Tuesday Newsday will be featuring members of the campus community who are helping in the campus response to COVID-19 and welcomes suggestions about who else to highlight.
UC Santa Cruz senior Arcelia Gonzalez Jimenez, who hopes to be a doctor someday, was searching for ways to help with the COVID–19 pandemic.
When she saw an ad asking for students to help with testing, she jumped at the opportunity. Last summer, she joined the first cohort of students trained to help run the campus’s asymptomatic testing program.
The program provides rapid, free, and easy tests for members of the campus community who do not show any symptoms of COVID–19. The program is helping to reduce the virus’s spread in the campus community and the surroudning community.
Jimenez provides testing materials—a swab and vial to collect the sample— to students, faculty, and staff who then self-administer their tests. She talks through the process and lets them know that they will get results back in two-to-three days.
Jimenez and her co-workers help administer between 200 and 400 tests each day at Crown and Merrill colleges, one of several testing centers on campus.
Students who live on campus are required to get COVID–19 testing twice a week.
While UC Santa Cruz has announced it will continue with primarly remote instruction this academic year, the campus continues to house students on campus and run dining halls. The health center and some other campus facilities remain open for in-person services.
Jimenez said she was a little nervous at first when she took the testing job because she wondered how it would affect her five roommates. But her fears eased when she learned about all the safety protocols and precautions.
“There really is very little to worry about in those spaces if you’re careful,” she said.
Jimenez and her co-workers change into new masks when they get to work and sanitize their stations regularly. They also have Plexiglas in place separating them from those who need tests. Everyone observes social distancing, staying six feet apart.
While there have been cases of COVID–19 on campus, she has never tested positive.
Jimenez, who is from Novato, is majoring in molecular, cell and developmental biology. She plans to take a gap year or two after graduating this year so she can get more experience in clinical settings or doing lab work before eventually applying to medical school.

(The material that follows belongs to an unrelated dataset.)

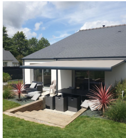
• Store banne DoMSun' Glomel

Her experience working at testing centers has made her impressed with how efficient and streamlined everything is and made her proud of those who set them up. “We’ve had people who work at other testing sites not related to UC Santa Cruz who have come in to check out our testing process,” she said. The visitors look for tips of how they can improve their own testing sites.
“That made me appreciate even more the scientists and the workers who work on campus regularly, especially the ones who took the initiative to set all of us up so people can be safe and healthy and do their work or live on campus,” Jimenez said.